▸ **Your objective**
All of the data below should be printed again exactly, pictures excluded.

▸ **Records provided**
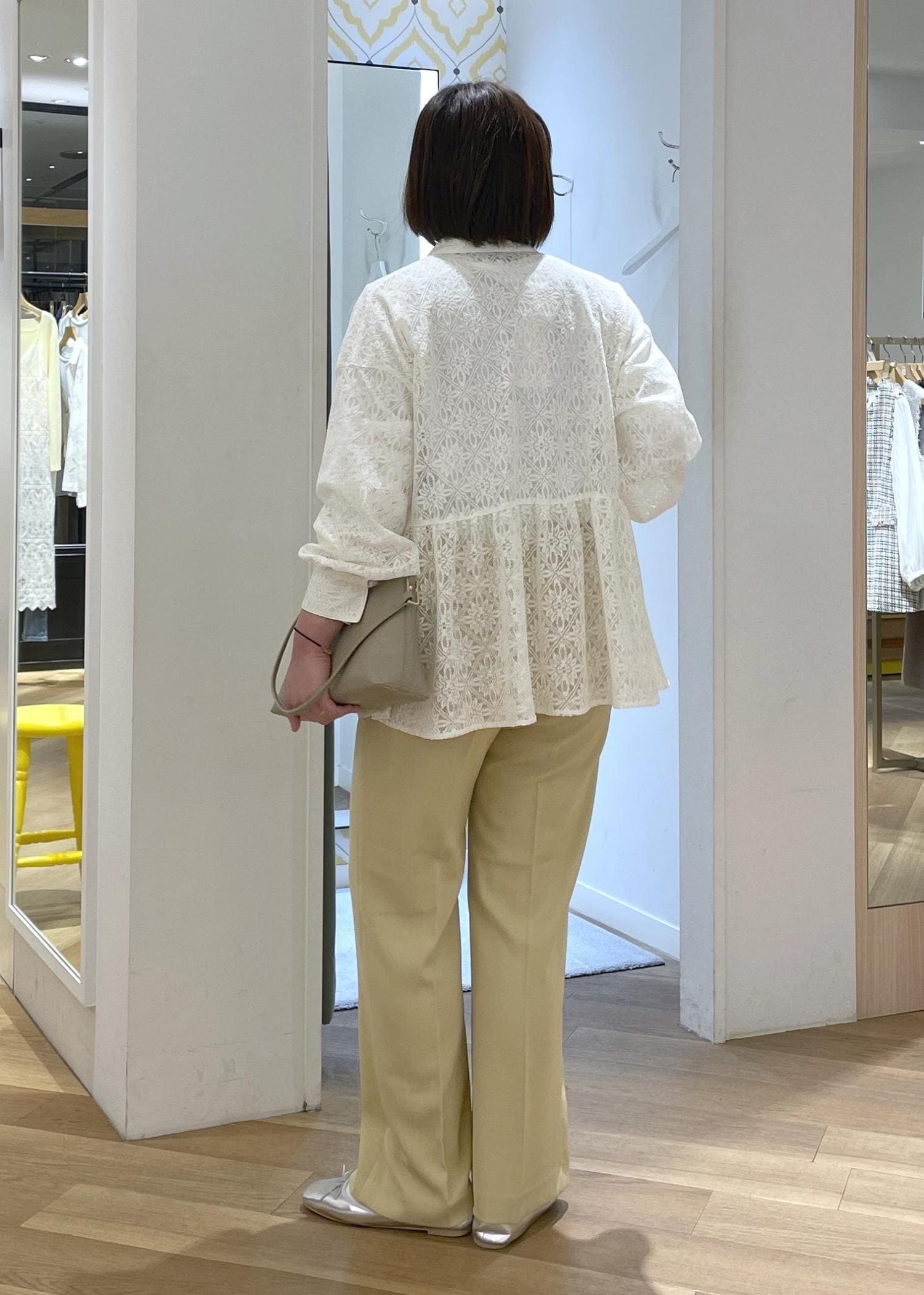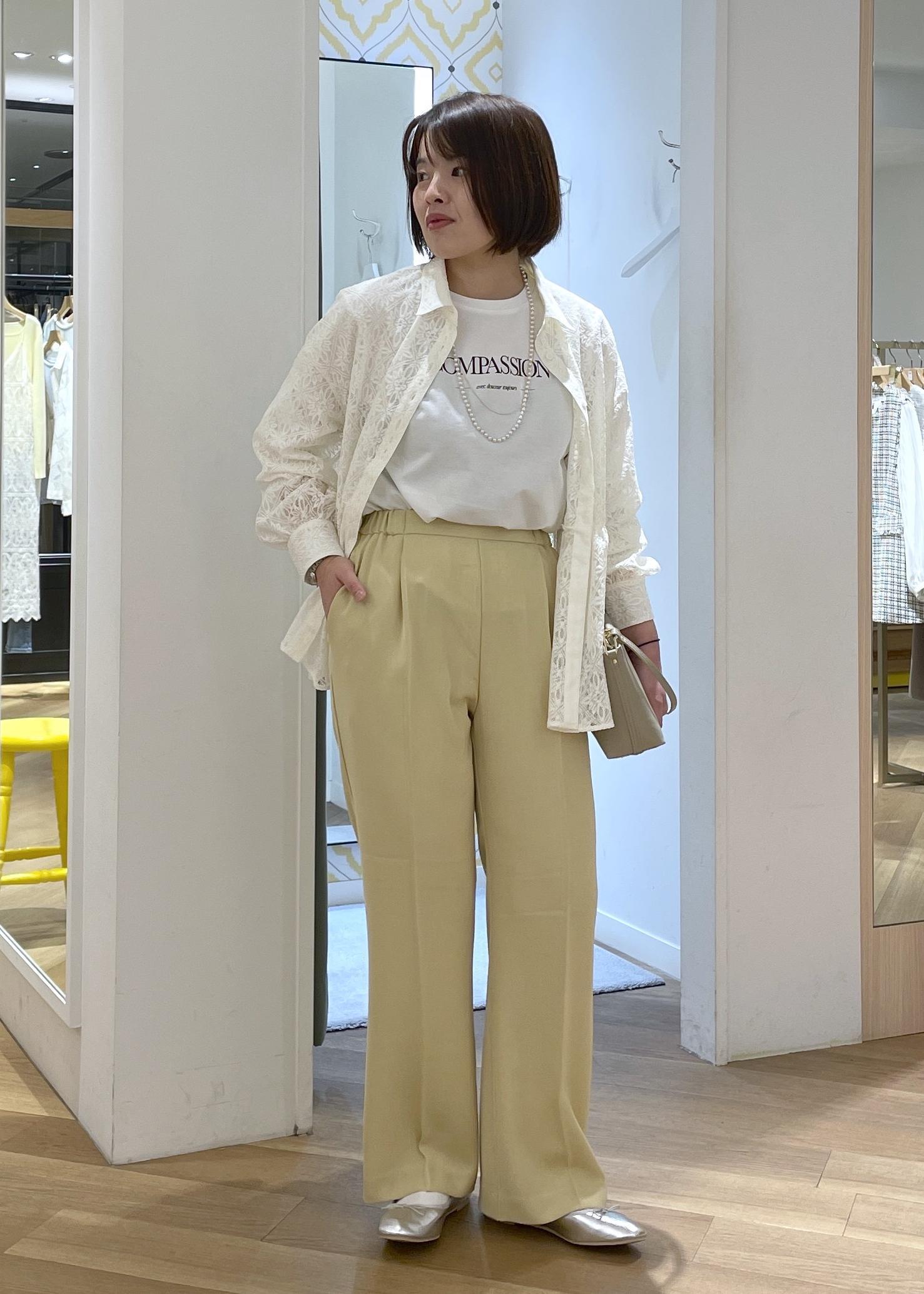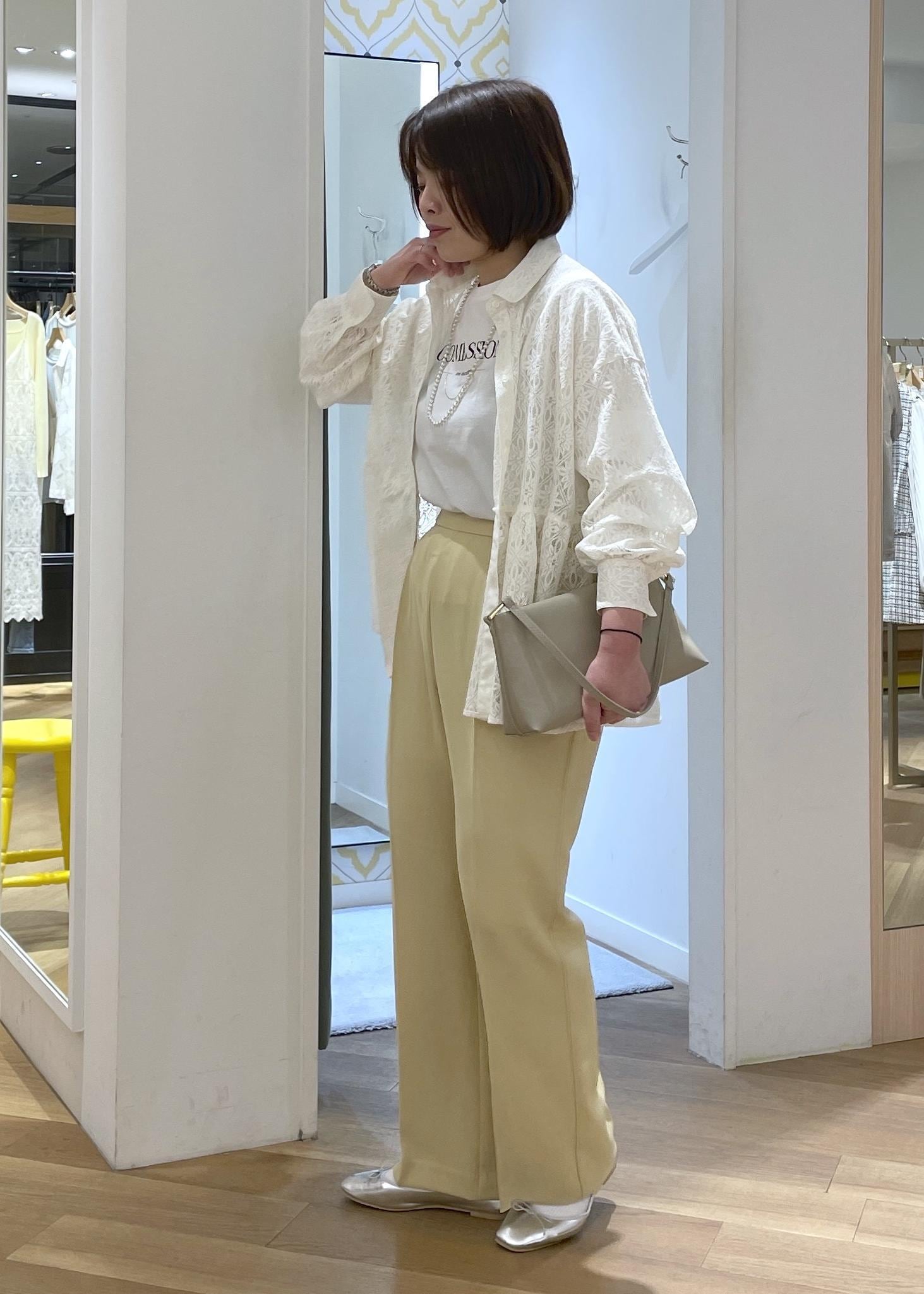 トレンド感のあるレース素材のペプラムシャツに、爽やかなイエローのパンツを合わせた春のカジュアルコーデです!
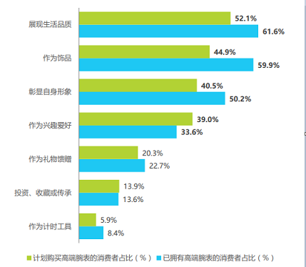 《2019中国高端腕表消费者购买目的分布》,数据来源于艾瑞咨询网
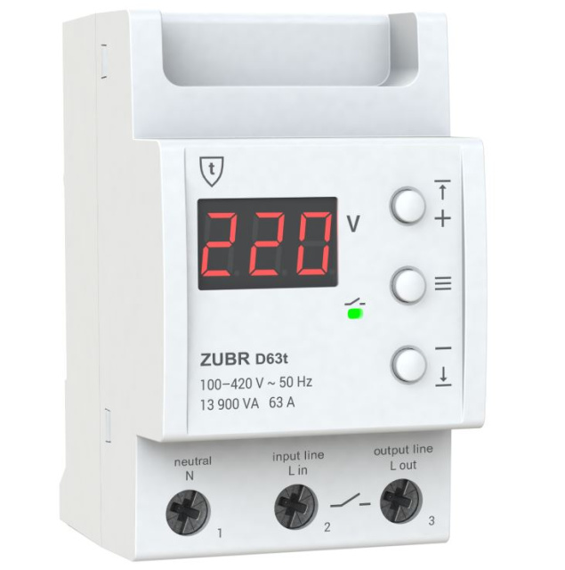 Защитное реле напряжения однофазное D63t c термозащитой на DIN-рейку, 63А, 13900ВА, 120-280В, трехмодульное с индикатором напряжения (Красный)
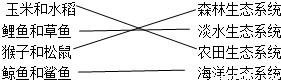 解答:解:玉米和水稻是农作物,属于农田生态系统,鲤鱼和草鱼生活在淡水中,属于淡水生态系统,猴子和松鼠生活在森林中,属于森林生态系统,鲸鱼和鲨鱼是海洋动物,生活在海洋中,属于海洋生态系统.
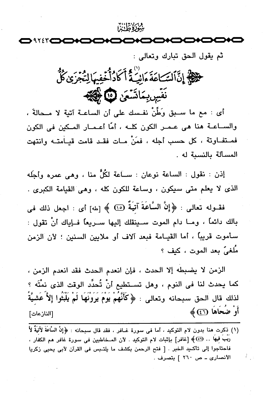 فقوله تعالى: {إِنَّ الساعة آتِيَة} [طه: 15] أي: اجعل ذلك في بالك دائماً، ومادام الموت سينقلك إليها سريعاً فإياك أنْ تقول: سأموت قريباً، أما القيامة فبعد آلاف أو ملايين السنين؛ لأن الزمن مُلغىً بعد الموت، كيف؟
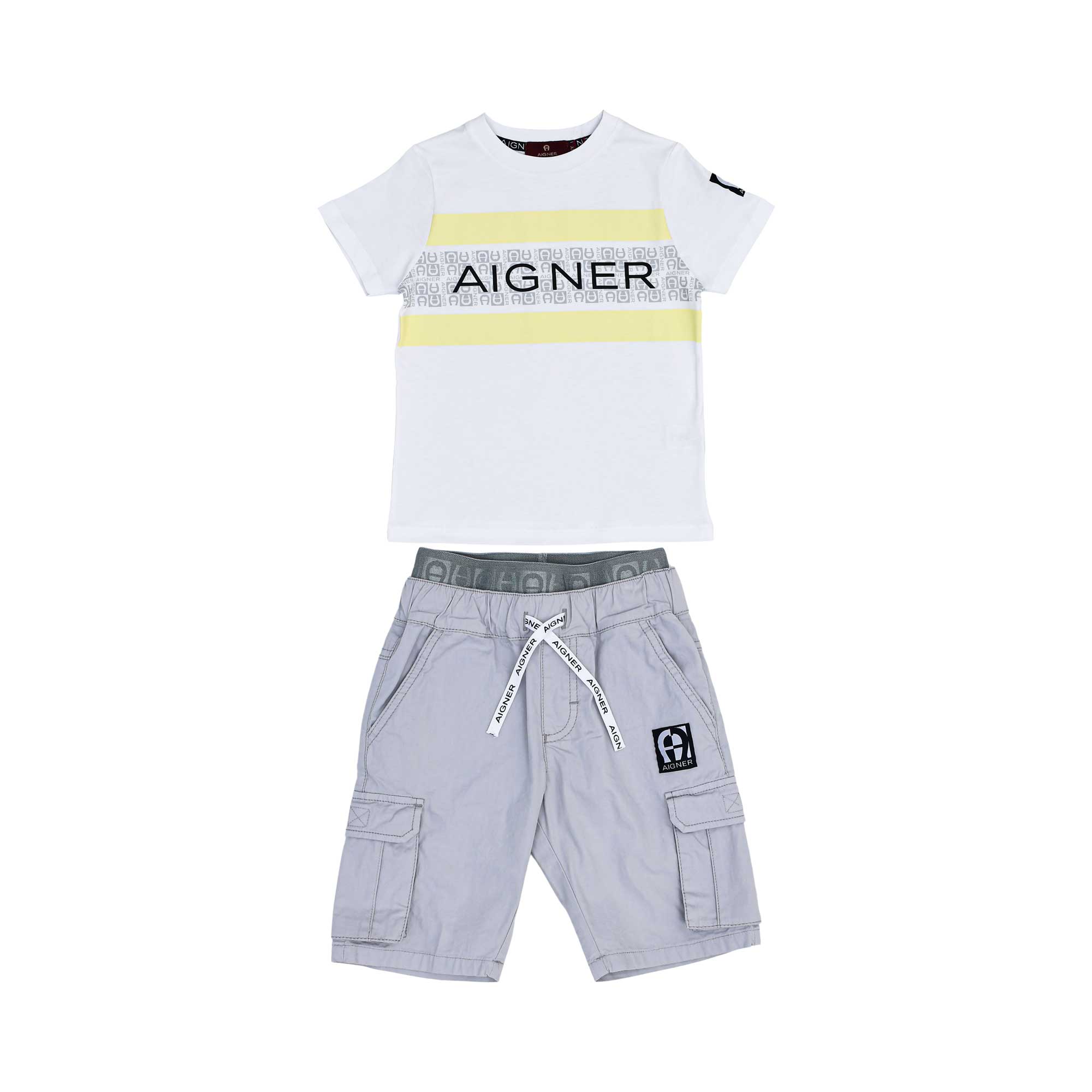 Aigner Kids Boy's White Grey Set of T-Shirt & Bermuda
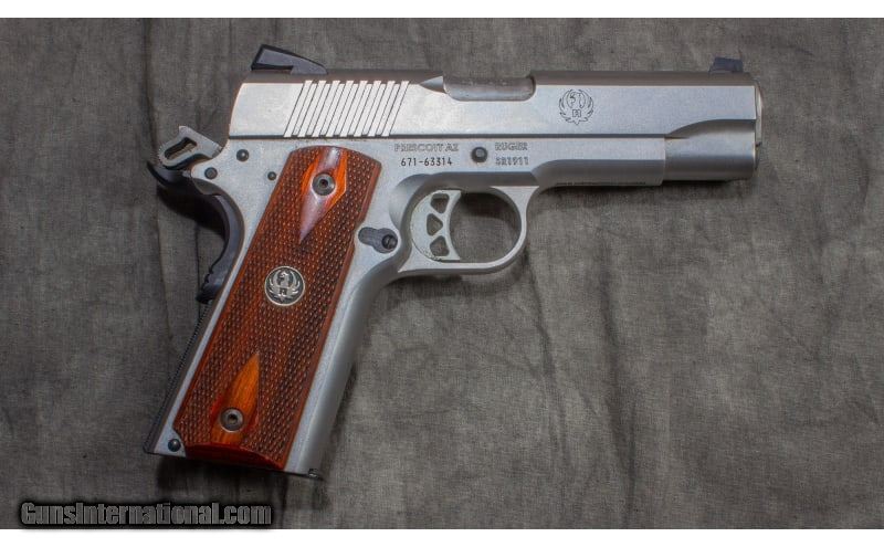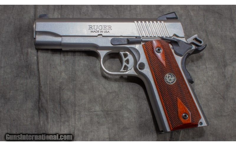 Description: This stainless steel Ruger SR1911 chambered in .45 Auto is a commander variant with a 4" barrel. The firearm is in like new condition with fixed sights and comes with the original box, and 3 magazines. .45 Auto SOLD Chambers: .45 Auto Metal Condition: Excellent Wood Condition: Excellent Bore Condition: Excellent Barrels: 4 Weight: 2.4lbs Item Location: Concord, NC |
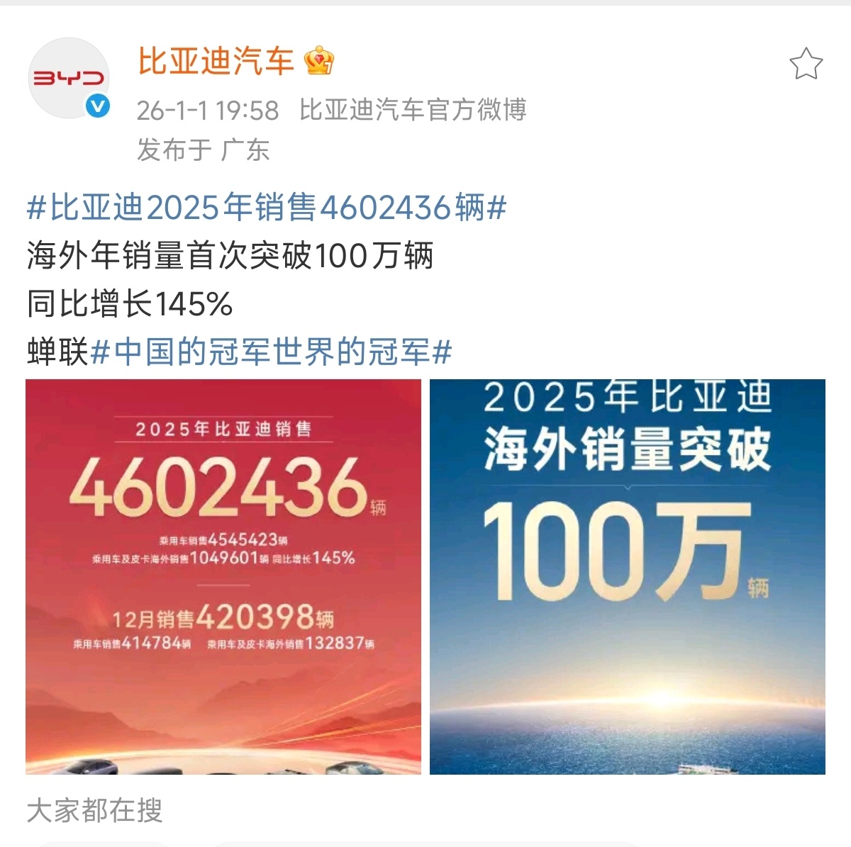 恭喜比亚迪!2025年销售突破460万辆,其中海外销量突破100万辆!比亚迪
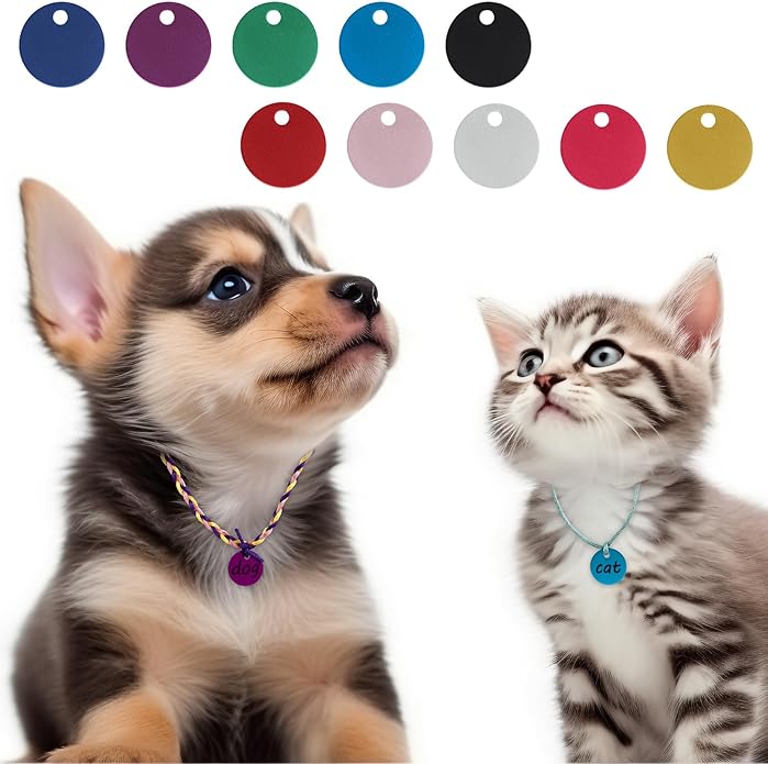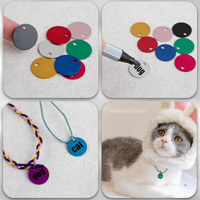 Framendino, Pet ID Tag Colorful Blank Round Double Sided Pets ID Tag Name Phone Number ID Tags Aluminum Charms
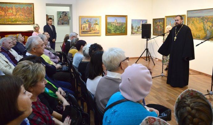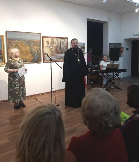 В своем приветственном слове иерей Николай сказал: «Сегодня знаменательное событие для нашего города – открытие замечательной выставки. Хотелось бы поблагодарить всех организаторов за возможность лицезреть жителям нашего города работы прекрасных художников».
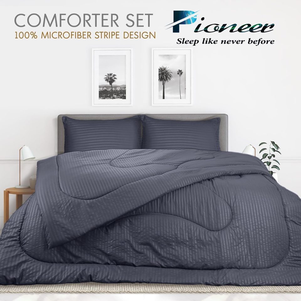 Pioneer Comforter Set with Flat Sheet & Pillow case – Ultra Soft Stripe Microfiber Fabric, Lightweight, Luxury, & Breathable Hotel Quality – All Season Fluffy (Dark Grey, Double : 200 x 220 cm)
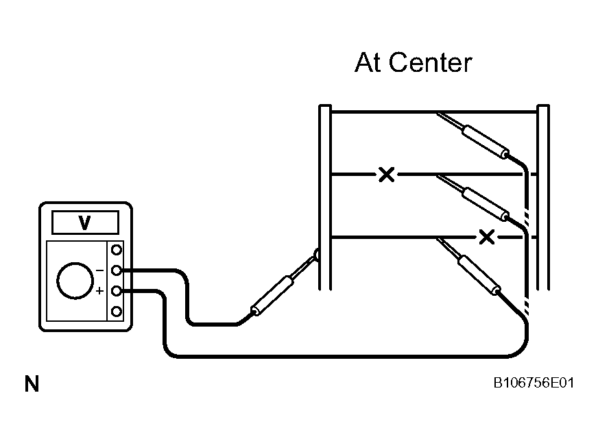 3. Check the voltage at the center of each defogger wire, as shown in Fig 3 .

▸ **Exercise response**
 トレンド感のあるレース素材のペプラムシャツに、爽やかなイエローのパンツを合わせた春のカジュアルコーデです!
 《2019中国高端腕表消费者购买目的分布》,数据来源于艾瑞咨询网
 Защитное реле напряжения однофазное D63t c термозащитой на DIN-рейку, 63А, 13900ВА, 120-280В, трехмодульное с индикатором напряжения (Красный)
 解答:解:玉米和水稻是农作物,属于农田生态系统,鲤鱼和草鱼生活在淡水中,属于淡水生态系统,猴子和松鼠生活在森林中,属于森林生态系统,鲸鱼和鲨鱼是海洋动物,生活在海洋中,属于海洋生态系统.
 فقوله تعالى: {إِنَّ الساعة آتِيَة} [طه: 15] أي: اجعل ذلك في بالك دائماً، ومادام الموت سينقلك إليها سريعاً فإياك أنْ تقول: سأموت قريباً، أما القيامة فبعد آلاف أو ملايين السنين؛ لأن الزمن مُلغىً بعد الموت، كيف؟
 Aigner Kids Boy's White Grey Set of T-Shirt & Bermuda
 Description: This stainless steel Ruger SR1911 chambered in .45 Auto is a commander variant with a 4" barrel. The firearm is in like new condition with fixed sights and comes with the original box, and 3 magazines. .45 Auto SOLD Chambers: .45 Auto Metal Condition: Excellent Wood Condition: Excellent Bore Condition: Excellent Barrels: 4 Weight: 2.4lbs Item Location: Concord, NC |
 恭喜比亚迪!2025年销售突破460万辆,其中海外销量突破100万辆!比亚迪
 Framendino, Pet ID Tag Colorful Blank Round Double Sided Pets ID Tag Name Phone Number ID Tags Aluminum Charms
 В своем приветственном слове иерей Николай сказал: «Сегодня знаменательное событие для нашего города – открытие замечательной выставки. Хотелось бы поблагодарить всех организаторов за возможность лицезреть жителям нашего города работы прекрасных художников».
 Pioneer Comforter Set with Flat Sheet & Pillow case – Ultra Soft Stripe Microfiber Fabric, Lightweight, Luxury, & Breathable Hotel Quality – All Season Fluffy (Dark Grey, Double : 200 x 220 cm)
 3. Check the voltage at the center of each defogger wire, as shown in Fig 3 .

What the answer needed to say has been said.